Dual Semantic Fusion Hashing for Multi-Label Cross-Modal Retrieval

Authors: Kaiming Liu, Yunhong Gong, Yu Cao, Zhenwen Ren, Dezhong Peng, Yuan Sun

IJCAI 2024 | Conference PDF | Archive PDF | Plain Text | LLM Run Details

Reproducibility Variable Result LLM Response
Research Type Experimental Extensive experiments on three benchmarks demonstrate the superior performance of our DSFH compared with 16 state-of-the-art methods.
Researcher Affiliation Academia Kaiming Liu1 , Yunhong Gong1 , Yu Cao1 , Zhenwen Ren2 , Dezhong Peng1,3 and Yuan Sun1; 1College of Computer Science, Sichuan University 2School of National Defense Science and Technology, Southwest University of Science and Technology 3National Innovation Center for UHD Video Technology
Pseudocode No The paper describes the optimization steps in text and mathematical equations, but no formal pseudocode block or algorithm box is provided.
Open Source Code No The paper does not contain an explicit statement about releasing source code or a link to a code repository.
Open Datasets Yes To evaluate the effectiveness of the proposed DSFH, we conduct numerous experiments on three benchmarks.
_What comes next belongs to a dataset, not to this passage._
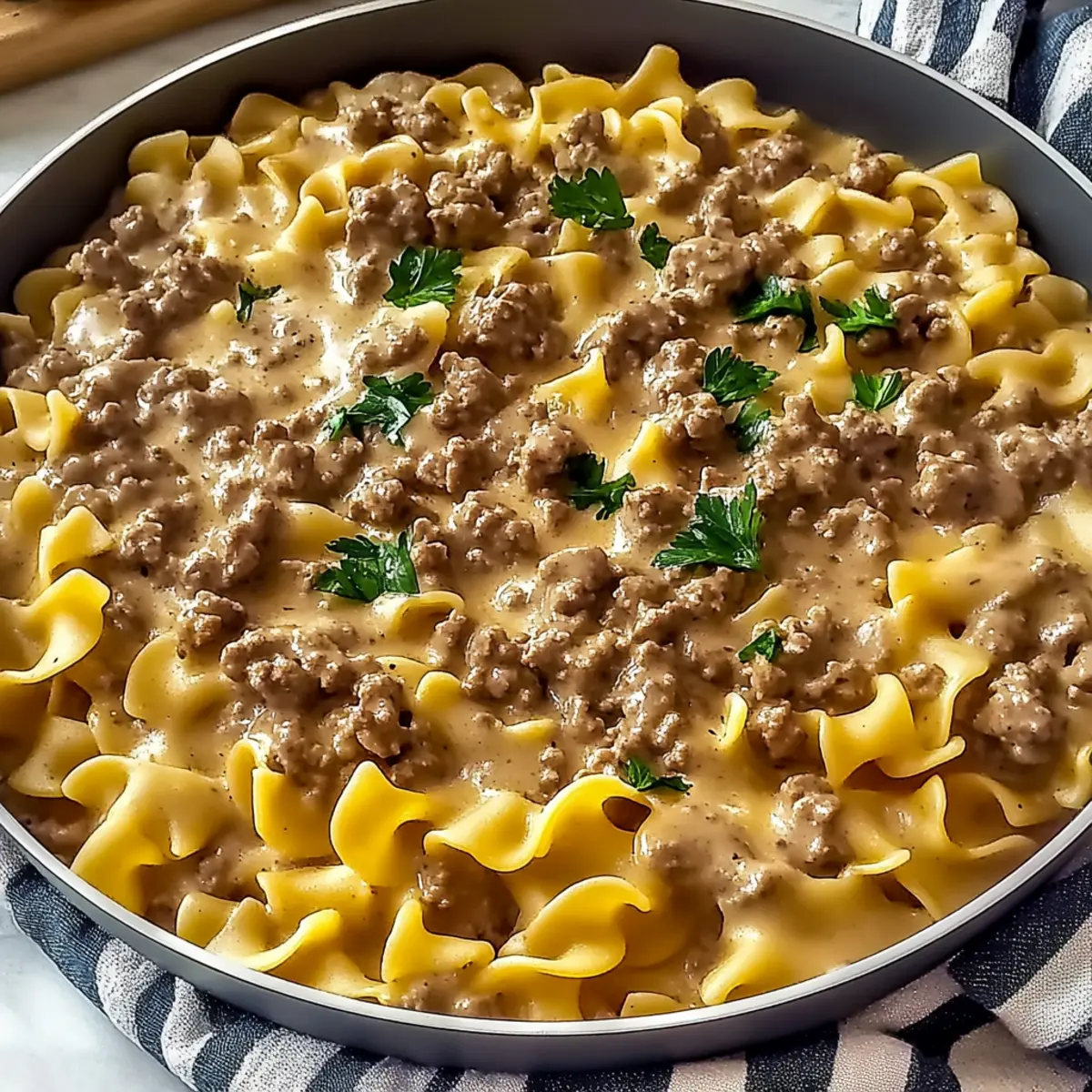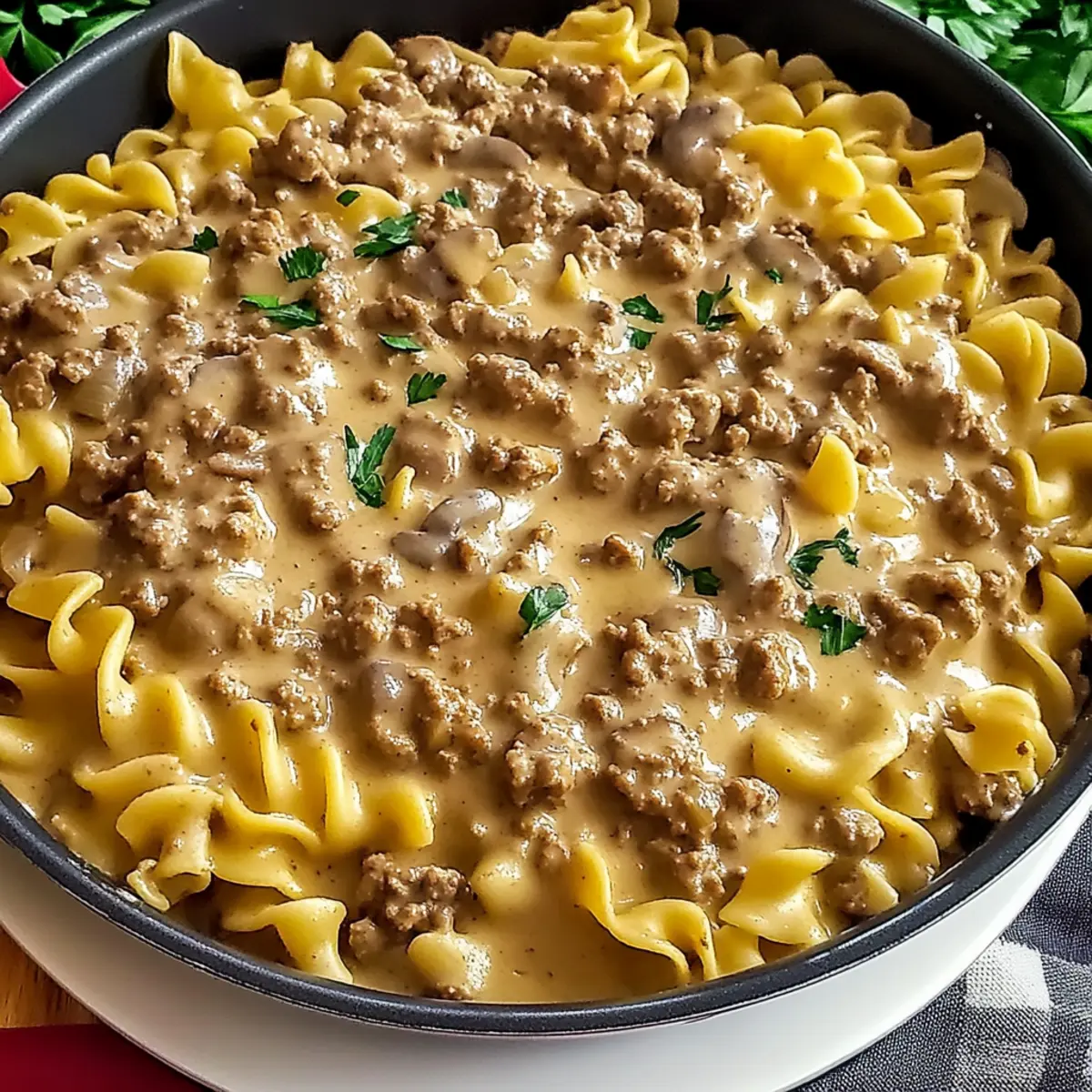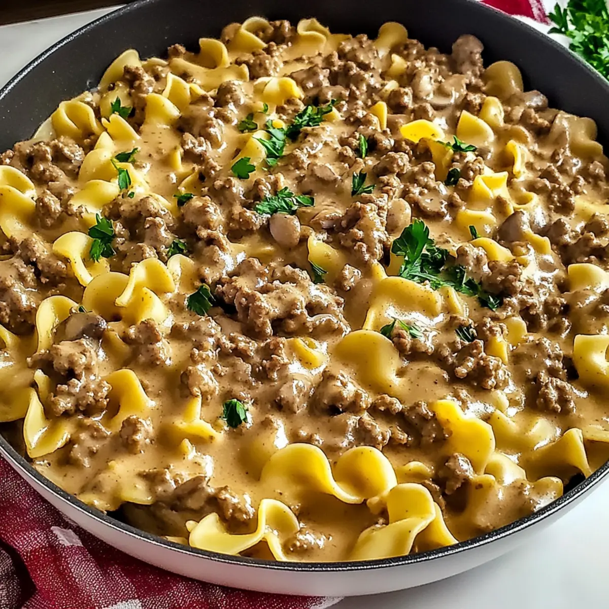 “Every time I hear the sizzle of ground beef hitting a hot skillet, I’m transported back to carefree family dinners filled with laughter and love. This Homemade Hamburger Helper Beef Stroganoff captures that delicious nostalgia and serves it up in a wonderfully quick and easy one-pan meal. Ready in under 30 minutes, it’s perfect for busy weeknights without sacrificing flavor or comfort. The rich, creamy sauce envelops tender beef and perfectly cooked egg pasta, transforming ordinary evenings into delightful culinary moments. Plus, it’s unbelievably customizable—switch to turkey for a lean twist or toss in your favorite veggies for a fresh take. Ready to bring that cozy feeling back to your table? Let’s dive into the joyful world of beef stroganoff!” Why is this beef stroganoff a must-try? Comforting Flavor: This cozy dish is reminiscent of nostalgic family dinners, bringing warmth and satisfaction to your table in just 30 minutes. One-Pan Wonder: With everything cooked in one skillet, cleanup becomes a breeze, making it ideal for busy weeknights. Customizable Delight: Whether you prefer beef, turkey, or a veggie-packed version, this recipe allows for endless variations to suit every palate and dietary need. Kid-Approved: Even picky eaters will absolutely love the creamy texture and rich taste, making it a guaranteed crowd-pleaser. Balanced Meal: With protein and carbs perfectly combined, this dish is not only delicious but also gives your family a nourishing option packed with goodness. If you’re looking for more quick meal ideas, be sure to check out our Cheesy Beef Chimichangas or Shredded Beef Enchiladas for additional comforting dishes! Hamburger Helper Beef Stroganoff Ingredients Whether you’re craving a comforting family meal or simply a quick and easy dinner, the ingredients for this Hamburger Helper Beef Stroganoff are here to guide you! For the Beef • Ground Beef – Use 80/20 for optimal flavor or 90/10 for a leaner option. • Salt – Adjust to taste to enhance overall flavors. • Black Pepper – Freshly ground provides the best flavor and warmth. For the Flavor Base • Garlic Powder – Adds depth; feel free to substitute fresh garlic for a bolder taste. • Onion Powder – Contributes sweetness and aroma; use less if switching to fresh onions. • Paprika – Adds warmth and pops of color; smoked paprika elevates flavor. For the Sauce • Cornstarch – Thickens the sauce; flour can be an alternative if preferred. • Beef Broth – Creates a robust umami sauce base; consider low-sodium options. • Milk – Provides the creamy texture; half-and-half offers a richer alternative. • Worcestershire Sauce – Adds savory depth; soy sauce acts as a gluten-free substitute. • Cream of Mushroom Soup – Creates a creamy base; homemade or vegan options are great for dietary needs. • Sour Cream – Delivers a tangy richness; Greek yogurt serves as a healthy substitute. For the Pasta • Egg Pasta – The base of the dish; choose gluten-free pasta if needed. Those are your core ingredients, ready to whip up a delicious Hamburger Helper Beef Stroganoff that’s bound to become an instant family favorite! Step‑by‑Step Instructions for Homemade Hamburger Helper Beef Stroganoff Step 1: Brown the Ground Beef In a large skillet, heat a drizzle of oil over medium-high heat. Add 1 pound of ground beef, breaking it into small chunks with a spatula. Cook for 5-7 minutes, stirring occasionally, until the beef is browned and fully cooked, with no pink remaining. This step develops the deep flavors that make your Hamburger Helper Beef Stroganoff delicious. Step 2: Season the Meat Once the ground beef is cooked, reduce the heat to medium and season it with salt, black pepper, garlic powder, and onion powder. Sauté the mixture for about 1 minute, allowing the seasonings to become fragrant. This aromatic blend will create a savory foundation for your stroganoff. Step 3: Thicken the Mixture Sprinkle a tablespoon of cornstarch evenly over the seasoned beef in the skillet. Stir well for about 30 seconds to coat the meat, which will help thicken the sauce later. The cornstarch will ensure a creamy texture in your Homemade Hamburger Helper Beef Stroganoff. Step 4: Prepare the Sauce Base Remove the browned beef from the skillet and set it aside. To the same skillet, pour in 2 cups of beef broth, 1 cup of milk, and 1 tablespoon of Worcestershire sauce. Increase the heat to medium-high and bring the mixture to a gentle boil, stirring occasionally to incorporate all the flavors. Step 5: Cook the Pasta Once the sauce is boiling, add in 8 ounces of egg pasta and give it a good stir. Cover the skillet and reduce the heat to low, letting it simmer for about 8 minutes, or until the pasta is cooked al dente. Stir occasionally to prevent sticking and ensure that each piece is coated with the sauce. Step 6: Combine All Ingredients After the pasta has cooked, return the beef to the skillet. Add in a can of cream of mushroom soup and ½ cup of sour cream, stirring everything together until fully combined. This step will transform your ingredients into a luscious, creamy mixture that epitomizes Homemade Hamburger Helper Beef Stroganoff. Step 7: Finish Cooking Stir in a teaspoon of paprika for an extra pop of flavor and vibrant color. Let the mixture simmer for another 2-3 minutes, allowing all the ingredients to meld together beautifully. Once heated through, remove the skillet from the heat and let it rest briefly before serving to enhance the flavors. How to Store and Freeze Hamburger Helper Beef Stroganoff Fridge: Store leftover Hamburger Helper Beef Stroganoff in an airtight container for up to 4 days. Ensure it’s cooled completely before refrigerating to maintain quality. Freezer: Freeze portions in airtight containers or freezer bags for up to 2 months. For best results, label them with the date for easy tracking. Reheating: Thaw frozen stroganoff overnight in the fridge. Rehea

MIRFlickr-25K [Huiskes and Lew, 2008] has 25,000 image-text pairs sourced from the Flickr website... IAPRTC12 [Escalante et al., 2010] consists of 20,000 geographical images belonging to 255 categories... NUS-WIDE [Chua et al., 2009] contains 269,648 image-text pairs...
Dataset Splits Yes In our experiments, we select the instances associated with a minimum of 20 textual labels, resulting in 20,015 instances. Further, we randomly choose 2,000 instances as the query set, while the remaining image-text pairs constitute the training set.
Hardware Specification No To comprehensively evaluate the retrieval performance, we conduct extensive experiments on a Windows server equipped with 64GB of RAM.
Software Dependencies No No specific software dependencies with version numbers (e.g., Python 3.8, PyTorch 1.9) were listed in the paper.
Experiment Setup Yes The number of anchors for RBF is set to 1500, and the maximum iteration step is set to 10. The hyper-parameters α and λ are set to {10 3, 10 3}, {10 4, 10 3}, and {10 4, 10 4} for MIRFlickr-25K, IAPRTC12, and NUS-WIDE, respectively. In addition, the number of clusters k is 400, 300, and 400 for three datasets, respectively.